We expect continued global tailwinds – increased global food consumption and higher population density that will drive a greater need for infrastructure development – to drive these results. We have summarized our expectations and forecasts for FY’18 results on our interactive results forecast dashboard for Deere. If you think differently, you can change expected segment revenue and margin figures for Deere to gauge how it will impact the company’s results for fiscal year 2018.

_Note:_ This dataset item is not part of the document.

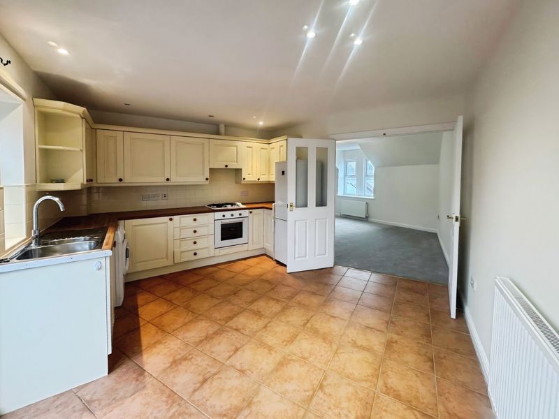 Kitchen: 16’1 max x 14’7 max narrowing to 11’0 (4.9m x 4.45m to 1.45m)

Outlook For FY’18 And Beyond

The Agriculture and Turf segment enjoyed a strong first three quarters of 2018, as margins improved as a result of a recovery in commodity prices and a favorable sales mix. Deere expects further improvement in the Agriculture segment, as a result of agricultural mechanization in developing countries and increased demand for food due to a rising population. This should result in strong order activity – increased replacement demand and demand for new equipment. Further, its most recent acquisition of Blue River Technology should help farmers reduce costs by decreasing the use of herbicides, which could lead to increased demand for its crop spraying equipment and provide decent long-term benefits. In addition, the acquisition of King Agro should help farmers improve productivity, which should further increase the demand for its spraying equipment. Moreover, the acquisition of PLA should fuel Deere’s commitment to providing cost-effective equipment, technology, and services to farmers, which should help farmers improve productivity. The acquisition further expands Deere’s market position in Latin America. We expect a positive outlook for Deere in the near term, driven by improving conditions of the agriculture market, and increased global food consumption, which will likely spur demand for its agriculture products.

The Construction Industry segment saw robust growth in the first three quarters of 2018, as a result of increased investment in oil & gas, housing, and transportation coupled with contribution from Wirtgen. Construction spending is projected to remain strong in 2018, due to the strengthening of the U.S. economy, which should boost the U.S. Housing market and construction spending. This growth, coupled with the Wirtgen acquisition, should boost Deere’s Construction business in the coming years. The implementation of tariffs on steel and aluminum will no doubt increase the costs for Deere’s Construction Industry segment, which is heavily reliant on steel. Moreover, the increase in raw material costs as a result of the steel tariffs should result in a hike in prices of the goods manufactured by Deere.